Les conseillers municipaux des partis écartés de la course pour les sénatoriales du 14 avril prochain iront aux élections. Ils se rueront vers les urnes davantage pour les 50 000 Fcfa prévus par le décret convoquant le collège électoral des sénateurs que pour un devoir citoyen. C’est-à-dire, celui qui ne demande aucune contrepartie pour l’amour de la nation. Comme ce sera un dimanche, ça tombe bien pour la tontine et autres cotisations. Une sorte de motivation qui ne laissera personne des électeurs indifférents et dont, une bonne façon pour le législateur d'attirer ceux qui n'aiment pas voter ou ceux qui n y trouvent aucun intérêt. Par ce mécanisme légal, nous atteindre la masse critique pour légitimer le vote.
Seulement, les faiseurs de textes juridiques s'était-ils aperçus des conséquences antipatriotiques? Tout semble être mis en jeu pour que la corruption ait droit de cité pendant cette période préélectorale. Sachant que les conseillers municipaux du parti qui concourt sont acquis d'office à la cause de leur label politique, la campagne sera axée vers ceux des partis qui ont été écartés dans l'espoir d'arracher leur suffrage. Cette situation aux premiers abords ouvre grand, les portes de la corruption. Connaissant le coté alimentaire de la politique telle que pratiquée chez nous, aucun conseiller qui voudra bien voter la liste d'un parti qui n'est pas le sien, ne le fera pour rien. Or, l'argent mis à la disposition des partis en lice et qui fera l'objet d'un audit public comme le stipule la note du Minatd, devrait servir plus à la logistique, aux meetings qu'à la distribution en espèce sonnante et trébuchante. Sinon, pourquoi un conseiller votera t-il pour un autre parti politique alors qu'il ne bénéficiera de rien à priori. Ce qu'il faut comprendre, c'est que cette élection n'est pas comme celle ayant pour objectif, l’élection d'un président de la République qui peut à coup de poste, récompenser ceux qui l'y ont propulsé.

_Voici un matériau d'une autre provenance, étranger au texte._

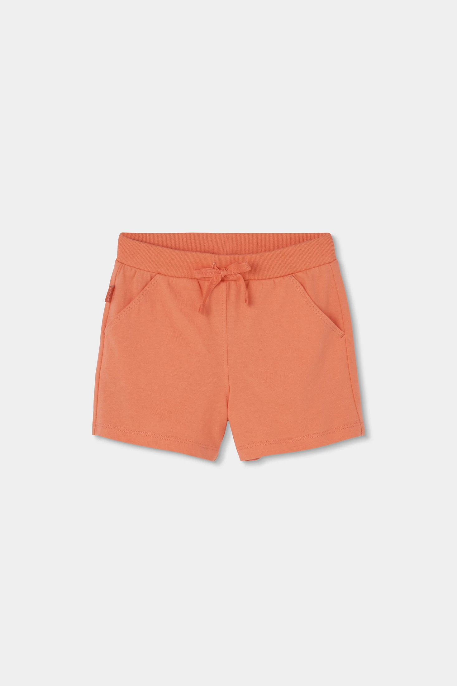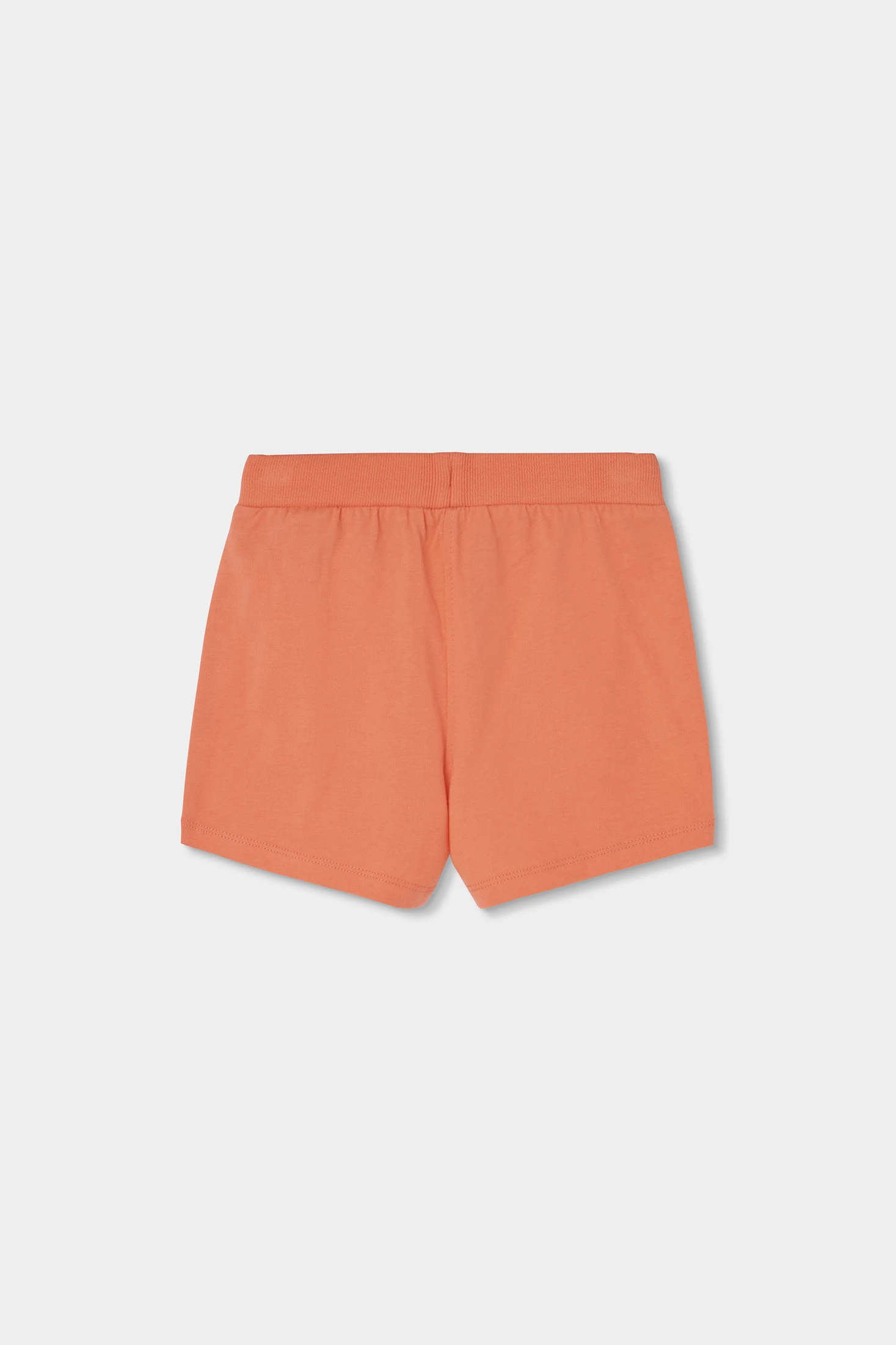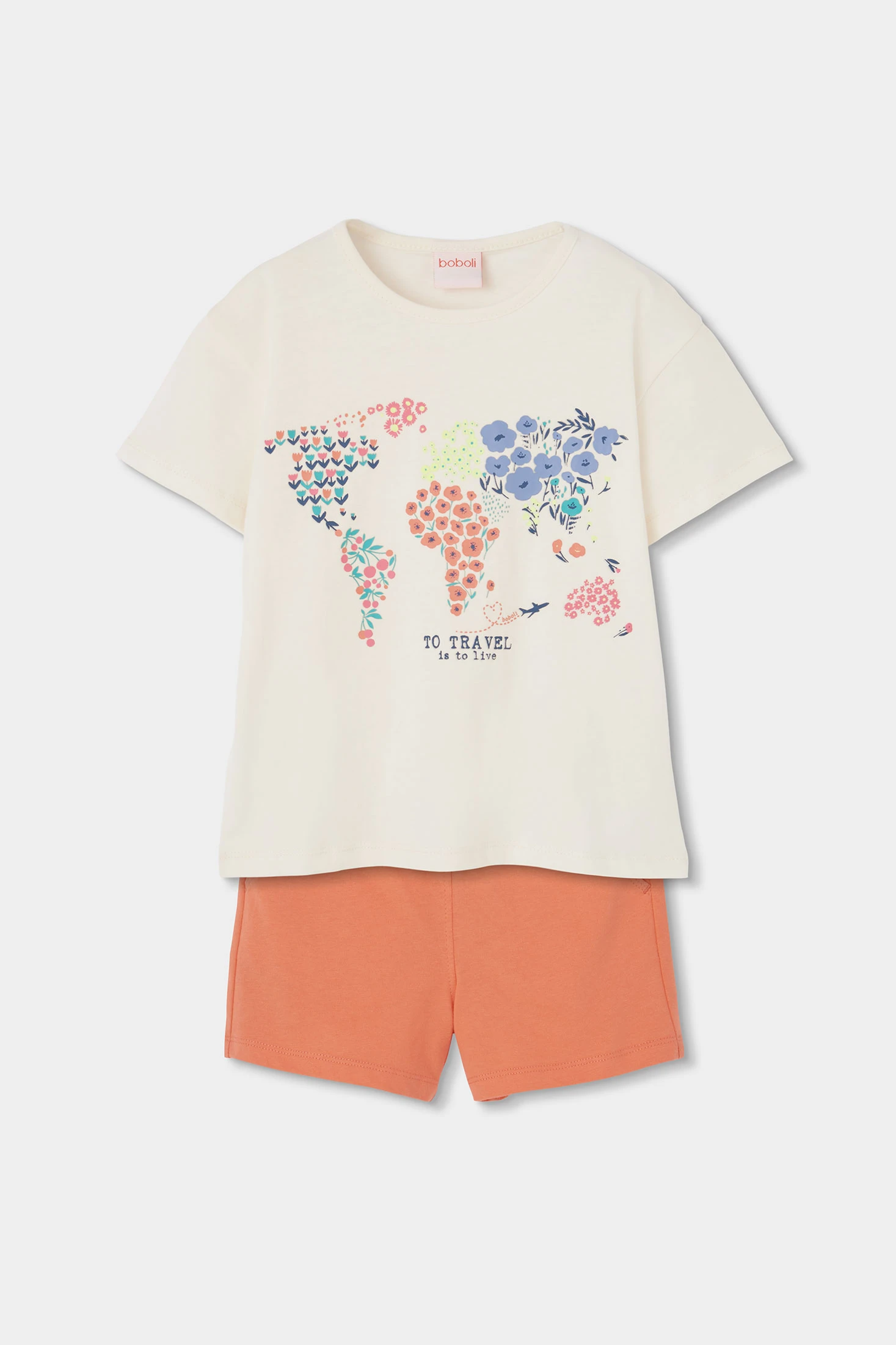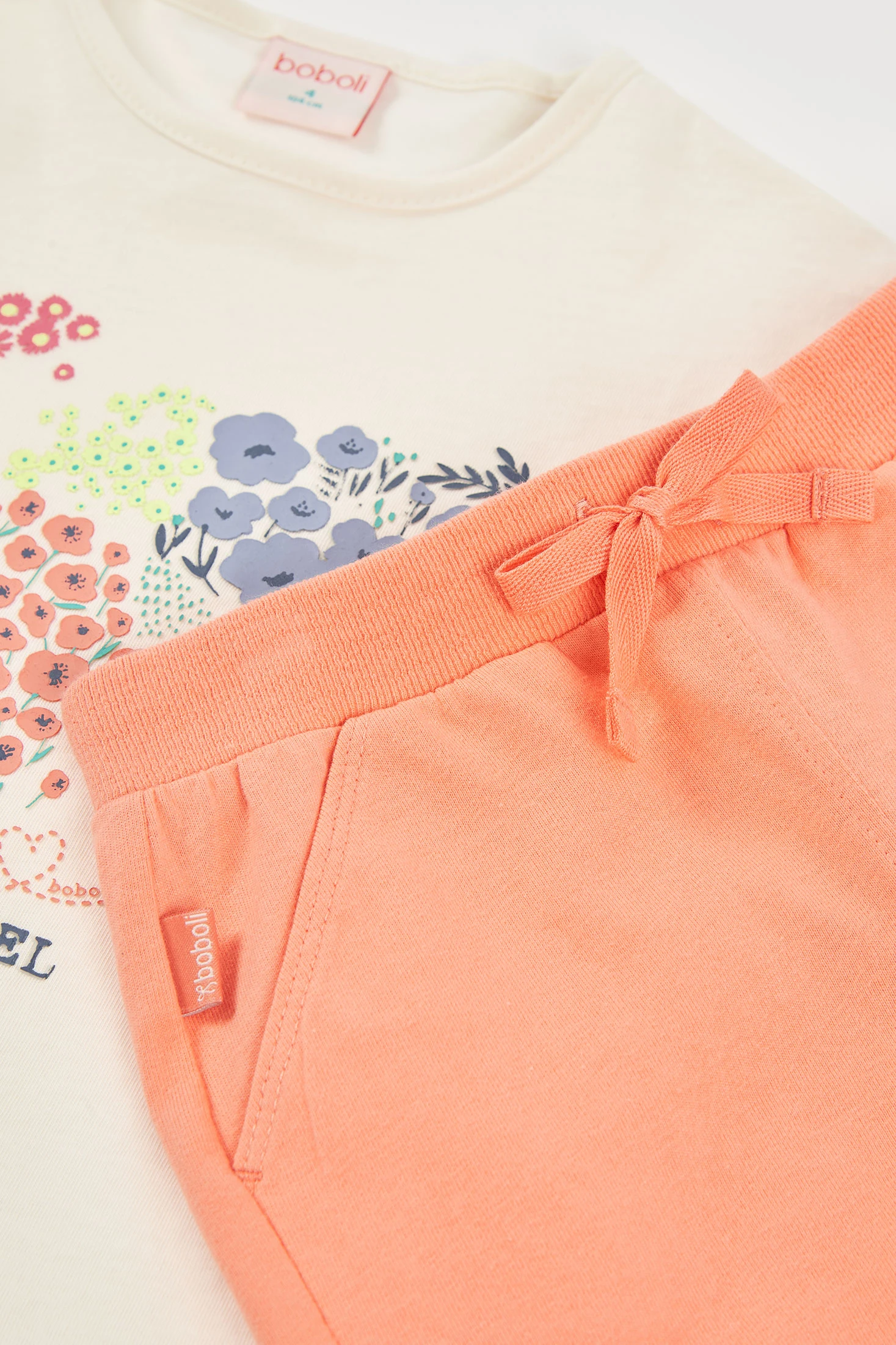 Set of cotton t-shirt and shorts for girls, ideal for summer. The pearl-coloured t-shirt features a lively print in various colours, adding a fun touch. The shorts are orange. Available in sizes from 12 months to 10 years, it suits different ages. Perfect for warm days, this set combines style and comfort, making it ideal for casual outings and playtime.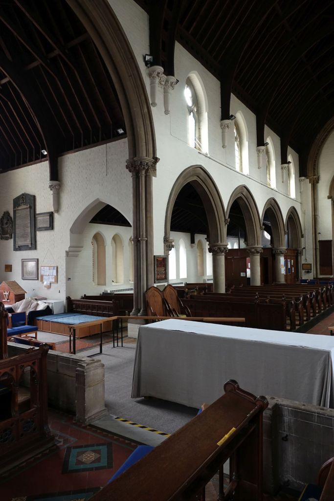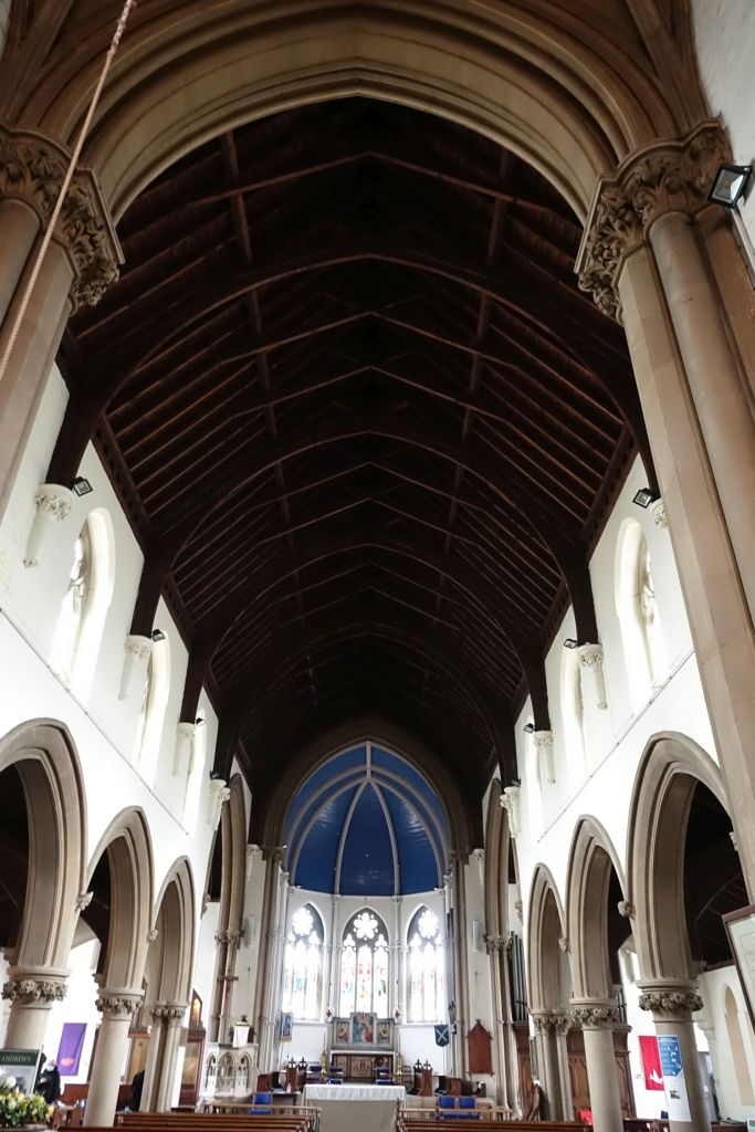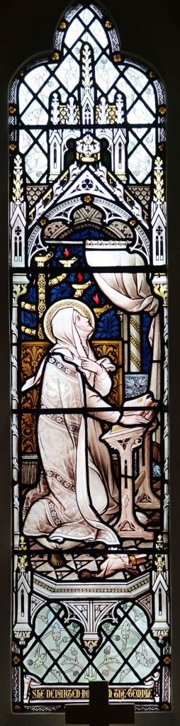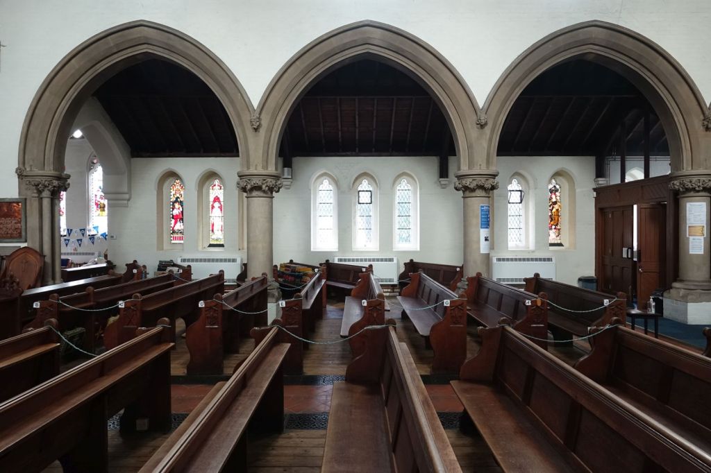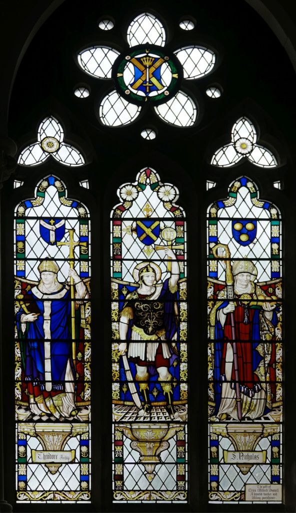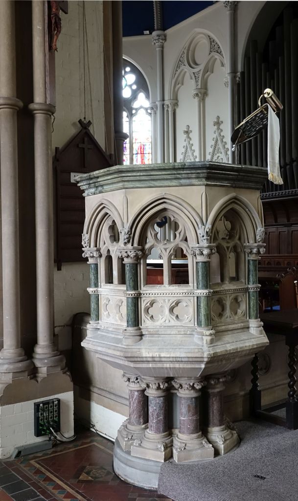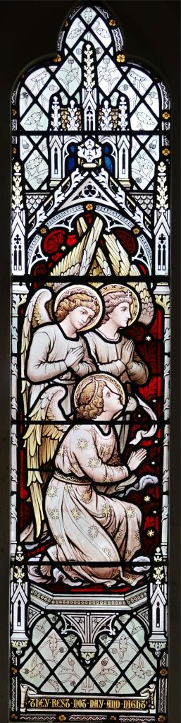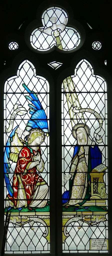 1869-1870 by J. Johnson jr with the spire finished in 1875-76. The south doorway remains from the medieval building.

En rappel, l’Etat du Cameroun dépensera seulement pour ce qui est de la distribution aux partis politiques en lice et aux conseillers-électeurs, par calcul simple par défaut, un peu plus de 1 300 000 000 Fcfa (un milliard trois cent millions). Ceci n’inclut pas les frais d’organisation. Dans quelques mois, il faudra dépenser un peu plus du double pour les élections municipales et législatives. Tout ceci, des poches du contribuable qui peine à vivre décemment. Cette situation remet au gout du jour, la notion de développement telle que perçu par le Cameroun et la démocratisation des institutions telle que veulent mener nos dirigeants. Toujours est-il qu’on nivèle un pays par le bas pour solidifier le sommet. Dans le cas contraire, la légitimité du pouvoir sera toujours remise en cause comme c’est le cas chez nous. Parce que le peuple est floué même par sa représentation la plus la plus directe, bientôt, les occupants de la chambre haute avec.